Le Tribunal administratif de Clermont-Ferrand, statuant en référé sur le fondement de l'article L. 521-1 du code de justice administrative, a rejeté la requête de M. A... demandant la suspension d'un refus d'échéancier de paiement par la direction générale des finances publiques. Le juge a estimé qu'aucun des moyens invoqués (méconnaissance du principe de proportionnalité et du droit à une vie digne) n'était de nature à créer un doute sérieux sur la légalité de la décision. En outre, la requête a été jugée irrecevable car non accompagnée d'une requête en annulation de la décision contestée.
Texte intégral
Vu la procédure suivante :
Par une requête enregistrée le 10 octobre 2025, M. B... A... demande au juge des référés, statuant sur le fondement de l’article L. 521-1 du code de justice administrative :
1°) la suspension de l’exécution de la décision du 10 octobre 2025 par laquelle le service de gestion comptable de la direction générale des finances publiques du Puy-en-Velay lui a refusé l’octroi d’un échéancier de paiement ;
2°) d’ordonner la suspension des mesures de saisie en cours.
Il soutient que :
Sur l’urgence :
- elle est caractérisée dès lors que les saisies entraînent une privation immédiate de ses moyens de subsistance ;
Sur le doute sérieux quant à la légalité de la décision attaquée :
- elle méconnaît le principe de proportionnalité et son droit au respect d’une vie digne au sens du préambule de la constitution et de la convention européenne de sauvegarde des droits de l’homme et des libertés fondamentales ;
- elle porte une atteinte disproportionnée à sa situation personnelle et familiale dès lors qu’un arrangement est envisageable.
Vu l’ensemble des pièces du dossier ;
Vu :
- la convention européenne de sauvegarde des droits de l’homme et des libertés fondamentales ;
- le code de justice administrative.
Considérant ce qui suit :
M. A... a sollicité du service de gestion comptable de la direction générale des finances publiques du Puy-en-Velay la mise en place d’un échéancier de paiement. Par une décision du 10 octobre 2025, le service de gestion comptable de la direction générale des finances publiques du Puy-en-Velay a rejeté la demande de M. A.... Par la présente requête, M. A... demande au juge des référés, statuant sur le fondement de l’article L. 521-1 du code de justice administrative, d’ordonner la suspension de l’exécution de cette décision.

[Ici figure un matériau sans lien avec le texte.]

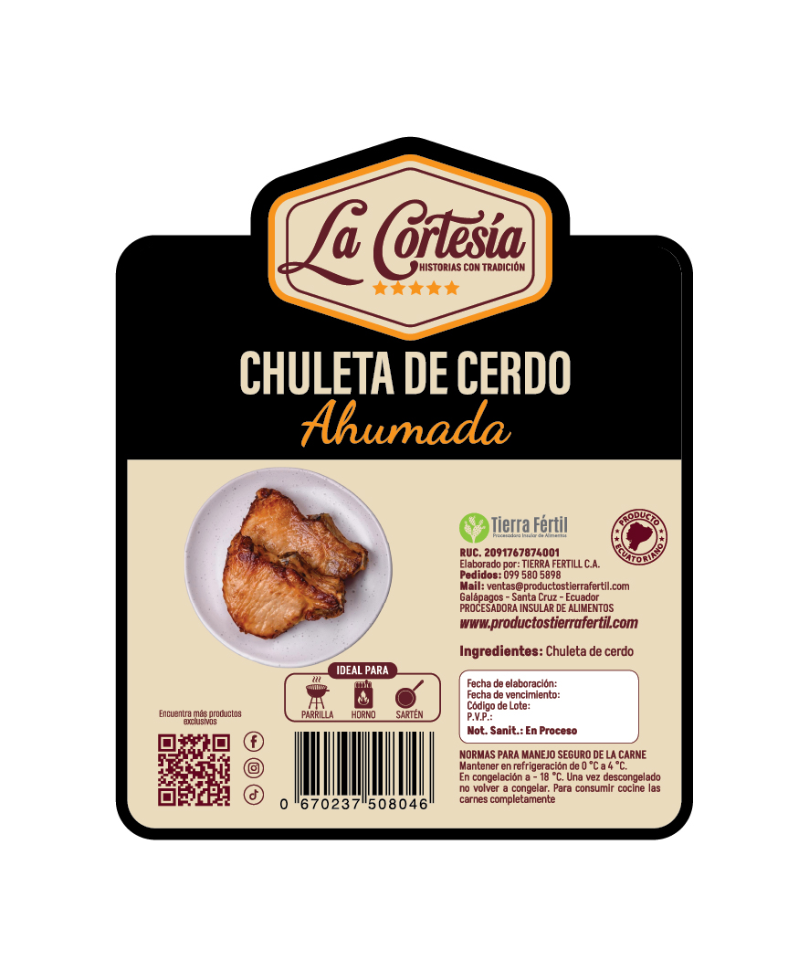 Las chuletas ahumadas son cortes de lomo de cerdo que han pasado por un proceso previo de curación y exposición al humo de maderas nobles, lo que les otorga un color rosado característico y un perfil de sabor profundo y salino. Al estar ya precocidas por el ahumado, su preparación es sumamente rápida, permitiendo que al sellarlas a la sartén o a la parrilla desarrollen una superficie dorada y caramelizada en pocos minutos. Es un ingrediente muy valorado por su practicidad y su capacidad para contrastar perfectamente con sabores dulces como la piña, la ciruela o glaseados de miel.
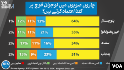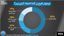 وائس آف امریکہ کے سروے میں پاکستان کے نوجوانوں کی اکثریت نے فوج پر اعتماد کا اظہار کیا ہے جب کہ ملک کے 15 فی صد نوجوان ایسے ہیں جن کا کہنا ہے کہ وہ فوج پر بالکل بھی اعتماد نہیں کرتے۔
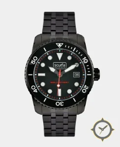 Eine Taucheruhr-Uhr mit einem 35.5mm Gehäuse im Vintage-Stil gefertigt aus Beschichtung mit einem Zifferblatt in schwarz und einer besonderen "matte"-Oberfläche.
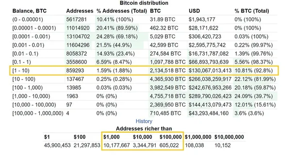 更令人驚喜的是,在全球 82 億人中,你是那 605,022 名擁有超過 $100,000 比特幣的人之一。這實際上是全球的 0.007%。聽起來瘋狂,但這些數據確鑿無誤。

Aux termes de l’article L. 521-1 du code de justice administrative : « Quand une décision administrative, même de rejet, fait l’objet d’une requête en annulation ou en réformation, le juge des référés, saisi d’une demande en ce sens, peut ordonner la suspension de l’exécution de cette décision, ou de certains de ces effets, lorsque l’urgence le justifie et qu’il est fait état d’un moyen propre à créer, en l’état de l’instruction, un doute sérieux quant à la légalité de la décision ». En vertu de l’article L. 522-3 du même code, le juge des référés peut, par une ordonnance motivée, rejeter une requête sans instruction, ni audience, lorsque la condition d’urgence n’est pas remplie ou lorsqu’il apparaît manifeste, au vu de la demande, que celle-ci ne relève pas de la compétence de la juridiction administrative, qu’elle est irrecevable ou qu’elle est mal fondée.
En l’état de l’instruction et eu égard à l’office du juge des référés, aucun des moyens invoqués par M. A..., tels que visés ci-dessus, n’est de nature à créer un doute sérieux quant à la légalité de la décision en litige. En tout état de cause, cette requête, non accompagnée d’une requête à fin d’annulation de la décision dont la suspension est demandée, est irrecevable.
Par suite, et sans qu’il soit besoin de statuer sur la condition d’urgence, il y a lieu de rejeter la requête de M. A... conformément aux dispositions de l’article L. 522-3 du code de justice administrative.
O R D O N N E :
Article 1er : La requête de M. A... est rejetée.
Article 2 : La présente ordonnance sera notifiée à M. B... A....
Fait à Clermont-Ferrand, le 14 octobre 2025.
La juge des référés
C. BENTÉJAC
La République mande et ordonne au ministre de l’économie, des finances, de la souveraineté industrielle, énergétique et numérique en ce qui le concerne ou à tous commissaires de justice à ce requis en ce qui concerne les voies de droit commun, contre les parties privées, de pourvoir à l'exécution de la présente ordonnance.